# Camshaft timing 2.0 SFI



## audi-man (Jun 2, 2009)

Can someone help? I’ve seen lots of post that say there should be 16 links between the notches on the inlet and exhaust camshaft. However my exhaust cam has two marks on it. This is what’s causing me the problem. Which one do I use? My engine is a 2.0 SFI. 2004 model. Engine code is AXW. I've posted a pic of the cams showing the 2 marks on the inlet. Any help would be appreciated.


----------



## audi-man (Jun 2, 2009)

Sorry. the 2 marks are on the exhaust cam. There is only one on the inlet cam


----------



## [email protected] USA (May 17, 2007)

*Re: Camshaft timing 2.0 SFI (audi-man)*

The procedure is to remove the adjuster that is on the exhaust cam. Install the cams and lock them in place with the special tool. Then install the chain and adjuster which will put the chain in the correct place. 
I've done it without removing the adjuster putting the chain on with the cams int he position they would be with the cams lined up to where the tool that locks them in place would be and had it work right every time. I don't have a pic of the tool on me or the part number off the top of my head. IF you saw how it sat in the manual I think you'd get exactly what I am saying.
You really need the cam locking tool to make sure everything is lined up correctly.


----------



## 2pt0tee (Apr 28, 2008)

*Re: Camshaft timing 2.0 SFI ([email protected])*


_Quote, originally posted by *[email protected]* »_You really need the cam locking tool to make sure everything is lined up correctly. 

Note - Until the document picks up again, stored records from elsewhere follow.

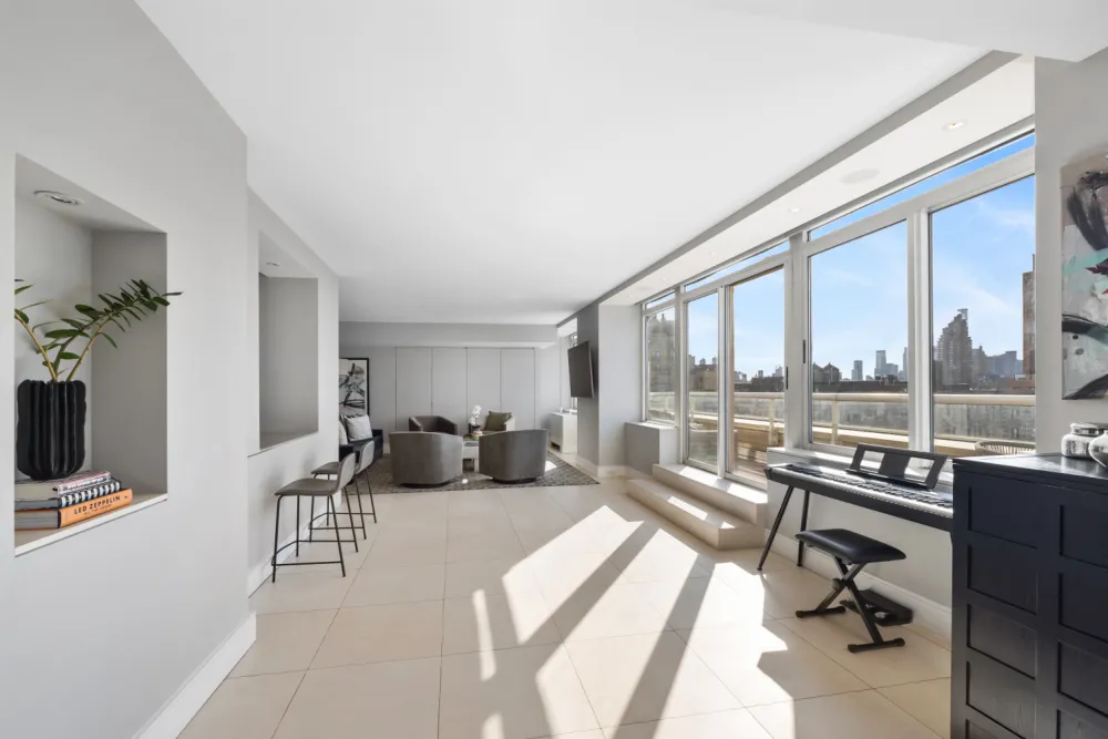 A house in the sky, perfectly situated in the heart of the Upper West Side. This duplex apartment, seamlessly combined from three units, spans the 17th and 18th floors at The Boulevard. Measuring over 4,600 square feet, enjoy an entire level of living space including an open plan living room/dining room with vast open exposures to the private 45 foot terrace. This level also features a state-of-the-art eat-in kitchen, den and a guest bedroom/home. The upper level features a luxurious primary bedroom, primary bath, with three bedrooms and two full baths in addition. This is truly a masterpiece in city living.
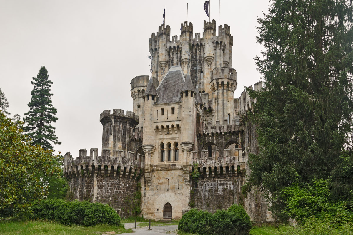 El castillo de Butrón es la encarnación viva de un castillo mágico, pero en el mundo real. Ubicado en Gatica (Vizcaya), en Butrón no sabemos si hay hadas, pero el resultado de su fusión de arquitectura medieval con elementos nórdicos -fruto de una reconstrucción en el siglo XIX- apuesta abiertamente por lo fantástico, muy al estilo germánico que parece que tanto gustaba al Marqués de Cubas. Siempre es bonito llegar a este lugar a pie, atravesando su maravilloso jardín con casi cuatro hectáreas. Al final, en un claro, aparece esta locura. Se trata de la supremacía de la estética, ya que parte de sus “avalorios” tienen más valor ornamental que práctico, pero el resultado es espectacular. Todo tiene un punto irreal y un tanto operístico… Estamos en el lugar perfecto para ambientar ese cuento de hadas en el que no falta siquiera una mazmorra donde -quién sabe- podría estar recluido algún príncipe azul…
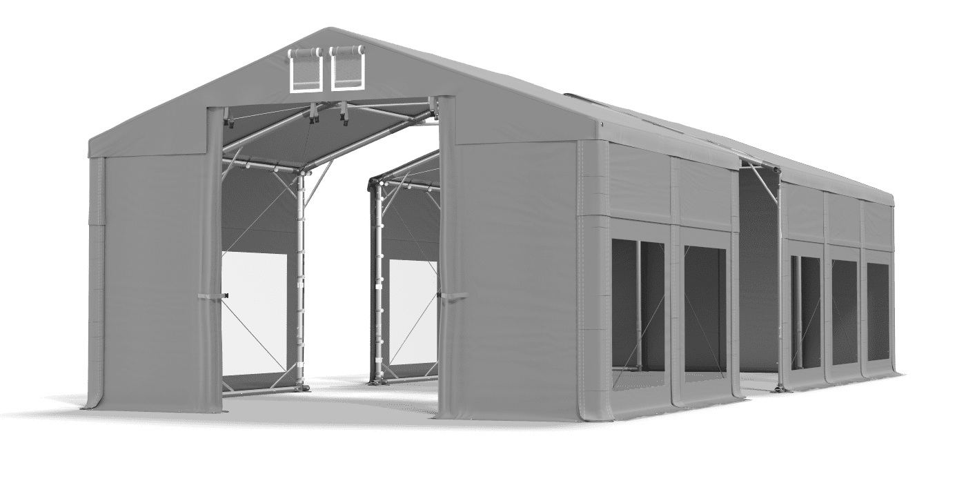 Wysokości w namiotach magazynowych oraz imprezowych mogą być szybko zmienione, a to dzięki modułowej konstrukcji, która pozwala na podniesienie namiotu o 0,5m lub o 1m. Najniższa możliwa wysokość ściany bocznej to 2m, a najwyższa to 4m.
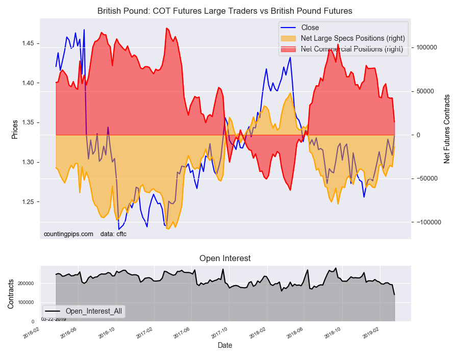 The large British pound sterling speculator level was a net position of -13,774 contracts in the data reported this week. This was a weekly boost of 22,922 contracts from the previous week which had a total of -36,696 net contracts.
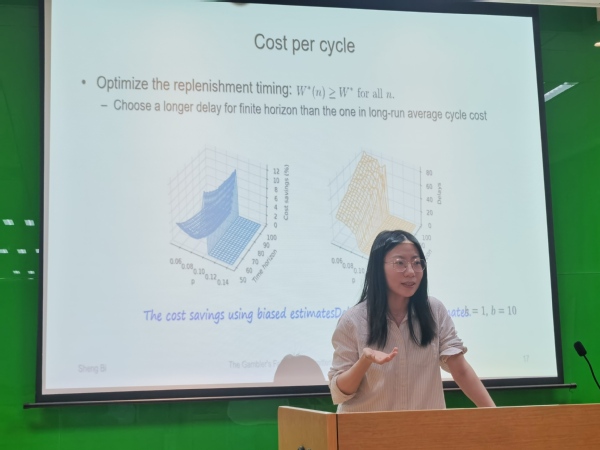 上海财经大学助理教授毕晟作题为“Taming the Long Tail: The Gambler's Fallacy in Intermittent Demand Management”的学术报告。她针对需求不稳定的“长尾”产品库存问题,结合“赌徒的谬误现象在有限次数的抛硬币中实际成立”现象的启发,提出了一个新的框架来优化“补货时间”和“补货数量”的选择。毕晟于2021年在新加坡国立大学获得分析与运营博士学位,2016年在南京大学获得工业工程学士学位。主要研究方向为数据驱动优化、供应链管理、社会责任运营等,成果发表于商学院顶级期刊Manufacturing & Service Operations Management。
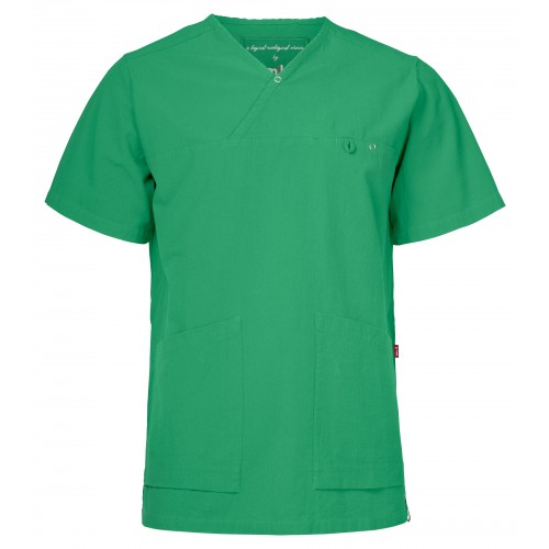 V-aukkoinen unisex-tunika. Suora ja mukava malli. Tilavat päällitaskut, joissa molemmissa sisällä tasku. Toinen näistä on kännykkätasku, jossa avainpidike. Rintataskussa rengas painonappi ja korttipidike. Sivulla säädettävä napillinen kuminauha, jolla malli säädettävissä vartalonmyötäisemmäksi. Tilava malli, jossa on kokojen välillä tavallista suurempi ero. Takapituus 74 cm koossa M.
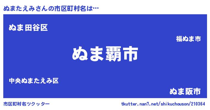 | 意味不明あだ名 | 『永久保存ぬまたえみ』 |

I did exactly what Chris said when I had to replace my intake cam... the adjuster wheel didn't want to come off (because the hulk apparently installed the polydrive bolt himself)... so I took both cams out with the chain on them... and set them back in place the same way. I had use a paint pen to mark the chain and teeth on each gear to be sure I got the right number of links when I put it back in.
Here's the tool, in place, as Chris described (in fact, that is Chris' tool that he loaned me):


----------



## audi-man (Jun 2, 2009)

Thanks for your reply guy’s. The photo with the locking tool in place is really very helpful as it shows the position of the cams and the cut-out in the shafts. Can you remember how many links you counted and which mark on the exhaust cam you used? I don’t have the tool as it cost £80.00 and I’m only (hopefully) going to ever need it once. I’ve used the mark at the base of the exhaust sprocket and counted 17 links to the inlet mark. 16 links looks just of centre to me.
Thanks


----------



## 2pt0tee (Apr 28, 2008)

*Re: (audi-man)*

Well I made my own marks, and unfortunately it was over a year ago... so I don't remember the count... sorry man, pics are the best I can do for ya.


----------



## audi-man (Jun 2, 2009)

Thanks. You've been a great help. I'll go with the pics and let you know how i get on. I should have it running by the weekend.
Thanks


----------



## audi-man (Jun 2, 2009)

Hi 2pt0tee, got the car running using the pics you sent. I used the mark at the base of the exhaust cam and counted 17 links between the mark on inlet cam. It ran perfect in the garage then took it for a run. 5 minutes on the road the warning lights came on and it started misfiring. I thought I’d missed something but it turned out to be a coil that packed up. Fit a new one and it’s been fine since then.
Thanks again


----------



## shortydub (Oct 13, 2004)

*Re: (audi-man)*

would a cam locking tool from snapon or matco work or do you really need the vag specific part?


----------



## 2pt0tee (Apr 28, 2008)

*Re: (audi-man)*


_Quote, originally posted by *audi-man* »_Hi 2pt0tee, got the car running using the pics you sent. I used the mark at the base of the exhaust cam and counted 17 links between the mark on inlet cam. It ran perfect in the garage then took it for a run. 5 minutes on the road the warning lights came on and it started misfiring. I thought I’d missed something but it turned out to be a coil that packed up. Fit a new one and it’s been fine since then.
Thanks again

Awesome, glad I could help


----------